# Medicioón de Corriente usando Resistencia de Shunt en la FASE



## ors (Ene 20, 2010)

Hola!
Estoy usando una Resistencia de Shunt de 0,1 [OHM] para medir la corriente alterna que consume un electrodoméstico (Licuadora, Televisor, etc.). 

Cuando pongo el sensor (HCPL 7520) en el Neutro, funciona bien y el microcontrolador pude tomar correctamente la señal proveniente de dicho sensor, pero cuando lo pongo en la FASE al sensor, éste se desintegra y se quema todo. ¿Qué debo poner entre la FASE y el sensor para que no se queme?

Adjunto un esquema del circuito.

PD: mi medidor de corriente solo funciona en tomacorrientes normalizados, cuando el tomacorriente no está normalizado se quema todo, por eso quiero saber como evitar que se queme el sensor

Gracias

Saludos


----------



## Dr. Zoidberg (Ene 20, 2010)

Pues lo debés estar polarizando/alimentando muy mal. Por que no posteas el esquema real de conexión que estás utilizando?


----------



## Beamspot (Ene 21, 2010)

Cuidado con los neutros, las masas, las tomas metálicas de los equipos, etc. Me huelo que estás haciendo circular una corriente entre la fase y la masa de tu equipo de medida. Recuerda que hay ciertas normativas que implican poner a masa todas las superfícies metálicas expuestas de los electrodoméstios y equipos electrónicos, ergo la parte externa del BNC de los osciloscopios está a mas.

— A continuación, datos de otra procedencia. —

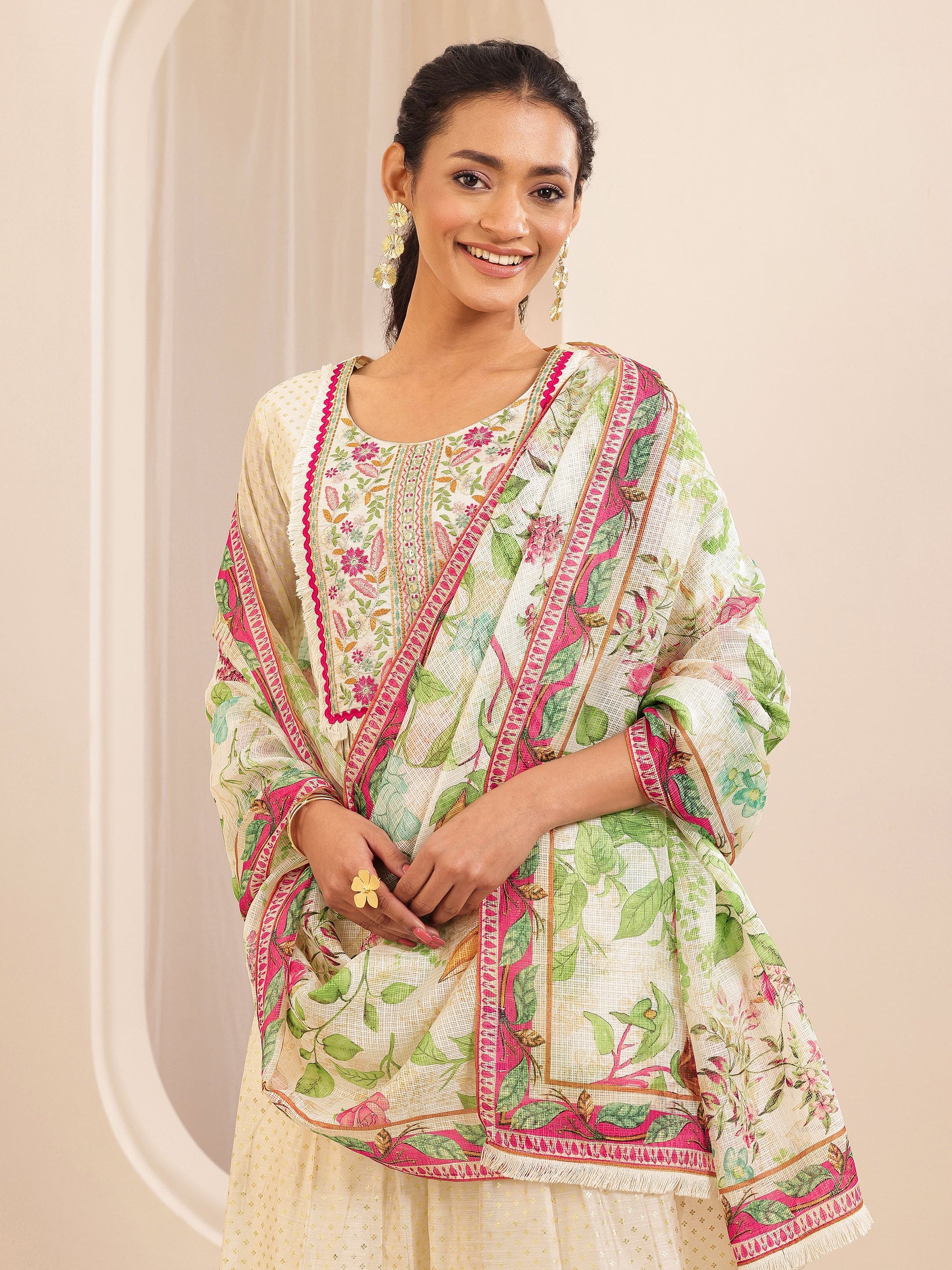 Our 3-piece multi, cream Chanderi silk kurta set features a straight-fit kurta with a round neckline, regular sleeves, and statement yoke. Complemented with straight pants with a partially elasticated waistband and a floral, printed dupatta. Adorned with floral, embroidered accents, this style is perfect for festive occasions.

Un transformador de aislamiento puede ayudar.


----------



## adolcor (Ene 27, 2010)

ezavalla dijo:


> Pues lo debés estar polarizando/alimentando muy mal. Por que no posteas el esquema real de conexión que estás utilizando?



El diagrama real que necesito es el que adjunto. 
Necesito medir la corriente alterna usando una recistencia de shunt en la FASE (LIVE LINE, en rojo). 
Si pongo la resistencia en la linea NEUTRA, en los bornes de la resistencia tengo una tensión pequeña (menor a 200mV) que ingresa al integrado sensor de corriente y éste mide correctamente la corriente alterna. 
Si la resistencia está en la línea VIVA, también tengo una tensión pequeña en bornes del SHUNT (menor a 200mV), pero igualmente se destruye el integrado sensor de corriente.

Graxs!


----------



## Beamspot (Ene 27, 2010)

¿Cómo alimentas el integrado? ¿Hay algo más conectado al circuito o está este bien aislado de todo?¿Por casualidad no usarás una fuente de alimentación externa de las que ponen el negativo a masa (chasis)?

Por cierto, ¿en Argentina vais a 50Hz? Creía que todo el continente americano iba a 60Hz.


----------



## Dr. Zoidberg (Ene 27, 2010)

adolcor dijo:


> El diagrama real que necesito es el que adjunto.
> Necesito medir la corriente alterna usando una recistencia de shunt en la FASE (LIVE LINE, en rojo).
> Si pongo la resistencia en la linea NEUTRA, en los bornes de la resistencia tengo una tensión pequeña (menor a 200mV) que ingresa al integrado sensor de corriente y éste mide correctamente la corriente alterna.
> *Si la resistencia está en la línea VIVA, también tengo una tensión pequeña en bornes del SHUNT (menor a 200mV), pero igualmente se destruye el integrado sensor de corriente.*



Claro que se destruye, si le estás metiendo 220V de modo común!
La unica posibilidad de que eso funcione es que refieras la masa de la alimentación de la etapa de sensado (y que debe estar completamente aislada de la masa de la etapa de salida) al potencial inferior de los dos terminales del shunt, de esa manera, la etapa de medición va a "bailar" sobre los 220V y la tensión de modo común aplicada va a ser muy pequeña (bah...no se si pequeña, pero al menos va a estar dentro del margen permitido por el chip.

No se si logré explicarme, pero si no lo entendiste, leelo de nuevo un par de veces.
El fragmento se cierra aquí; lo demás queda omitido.